Crooks can guess Visa card details in six seconds by querying lots of websites at once

Originally published at: http://boingboing.net/2016/12/04/crooks-can-guess-visa-card-det.html

…

…Just in time for Christmas.

2016 - Just swell from start to finish.

Did something bad happen in 2016? I wasn’t paying much attention.

Just hack the card of some board members and order porn to their address on their card, and I’m sure the word will go round that they have to fix the security.

The attack itself seems fairly obvious, once you know that Visa card validation isn’t done centrally. While that is news to me, it must always have been known by card issuers, payment gateways, and basically everyone who cared to find out (including fraudsters). It’s certainly not news that an expiry date, CVV and address provide only trivial security if they can be brute-forced.

I am slightly confused, because I thought Visa was basically just a protocol-- I read somewhere that “Visa” itself has like 6 employees-- so I would have assumed every attempt to validate my Visa card goes through my bank (who ought to spot 700 failed validation attempts in a row).

The only way to truly solve this is going to be to replace credit card numbers with some sort of network based crypto embedded in a physical card. Put card readers in cell phones and laptops, next to the fingerprint sensor, and now you don’t need card numbers anymore.

Powered by a Difference Engine? Those sites are so slow!

I can’t say much, but Visa is one of my employer’s major clients. Rest assured they have well more than six employees. It’s very much not “just a protocol.”

Huh. Anyone’d think that common mode failure had never been invented.

NFC is standard on most phones at this point, so that would be a logical option. Adding it to more traditional computers seems like a trivial task as well.

Wouldn’t a much simpler way be for Mastercard, Visa and American Express to provide Paypal-esque online accounts that let you conduct transactions using them as an intermediate? That way you could use password authentication, which has issues as well but at least those can be managed by users if they have the will to do so, and it avoids the inevitable security issues when they start selling NFC readers able to access chip cards to authorize transactions, not to mention saving consumers from buying an NFC reader for every device with which they plan to make credit card transactions.

as a former PP employee - PP accounts are NOT more secure. They are only as secured as the persons choosen password. which means not at all.

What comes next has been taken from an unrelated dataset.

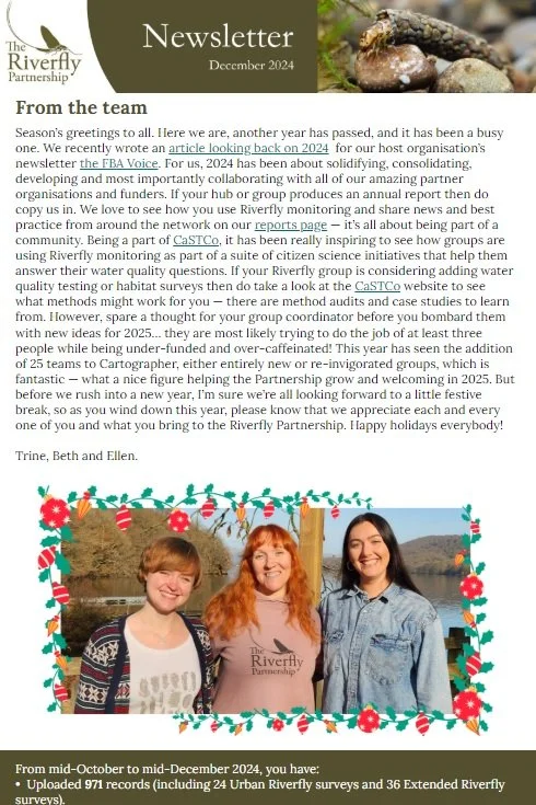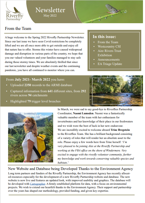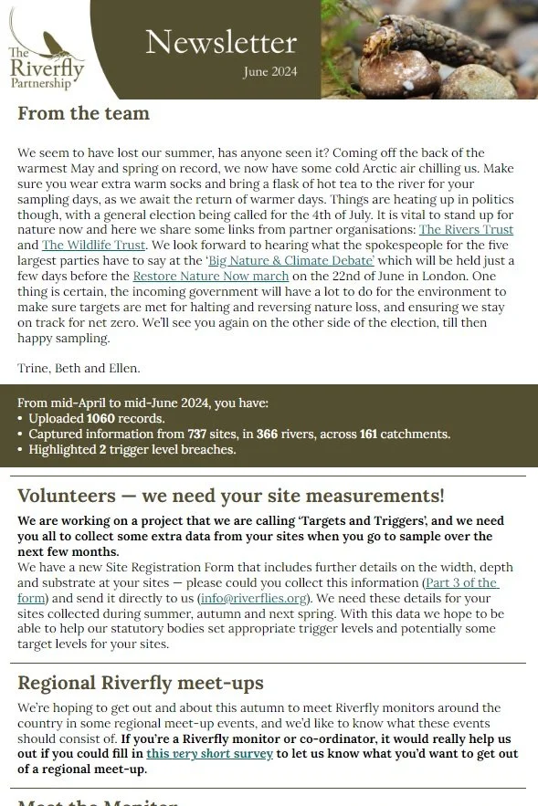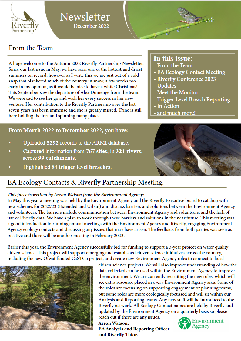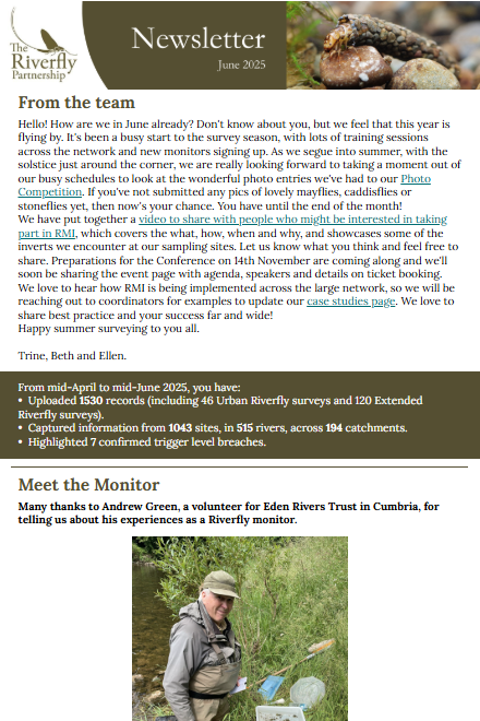 Please note that our newsletter sign-up is through Mailchimp. Your email address will be only used by the Riverfly Partnership for our newsletter.
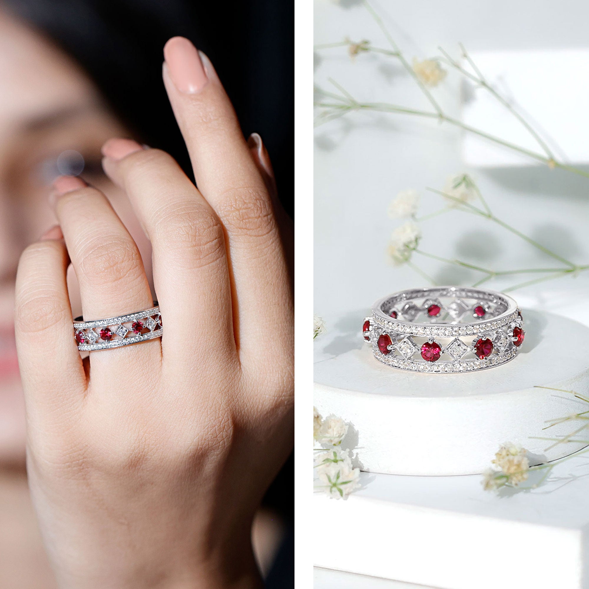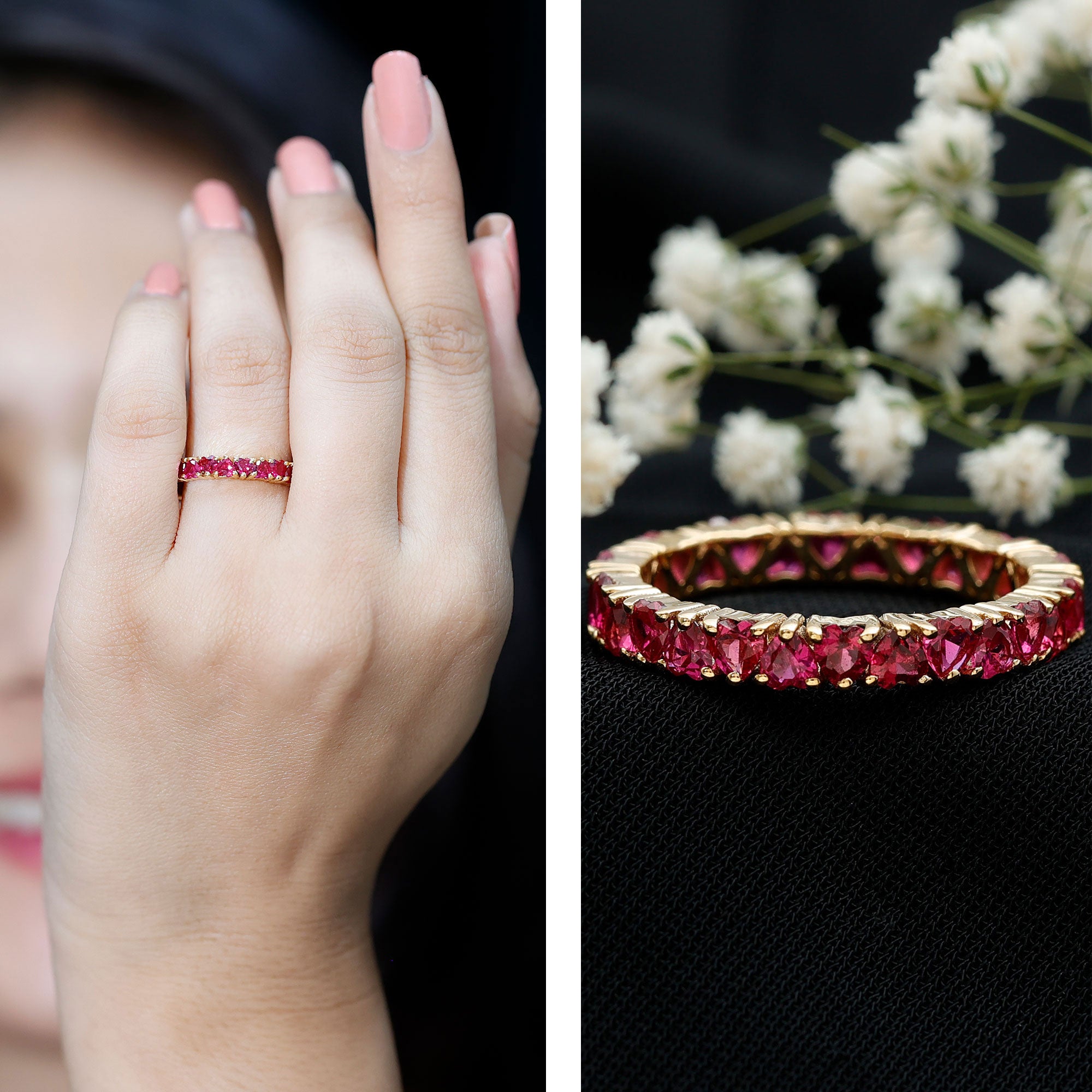 Different gemstones, or even styles like an eternity ring, are usually given on specific anniversaries, such as a diamond eternity band for the 10th or an emerald anniversary ring for the 20th. To know in detail what you can choose for a specific year, check this blog: Anniversary Rings: When Exactly To Give Them?

yeah, this isn’t new. Been the case since well forever. As you mentioned, the way to prevent this is not at the card number itself but all the parties involved in getting that txn processed (gateways, processors, merchant account banks, card issuers). For the most part, all the big players have velocity checks, rate limiting, geolocation and proactive measures based on transaction history. You run into problems though with smaller banks, smaller card issuers, smaller gateways, smaller retailers who don’t take the time/money to invest in proactive fraud prevention.

My point wasn’t that making Visa and Mastercard transactions authenticate like Paypal transactions will make them secure, since as you say many Paypal accounts are poorly secured. Instead, my point was that, for the small but informed minority of people who will choose a good password, it will significantly increase security, since it will no longer be capped by a measly 3 digit code and a not as private as it should be card number, particularly since both of those bits of information get shared with every site that you make a transaction with, whereas with an intermediate authentication system like Paypal you don’t give your password to every merchant you transact with. Note that in addition to leaving aside the issue of poor passwords (since we’re talking about what Mastercard and Visa can do, you’re never going to make people secure if they’re willfully careless), we’re ignoring the human factors of operating these services, which can introduce their own issues.

“Crooks” Aren’t crooks extinct? If a headline was needed that didn’t duplicate “Criminals”, why not use the more colorful “Miscreants”?

This topic was automatically closed after 5 days. New replies are no longer allowed.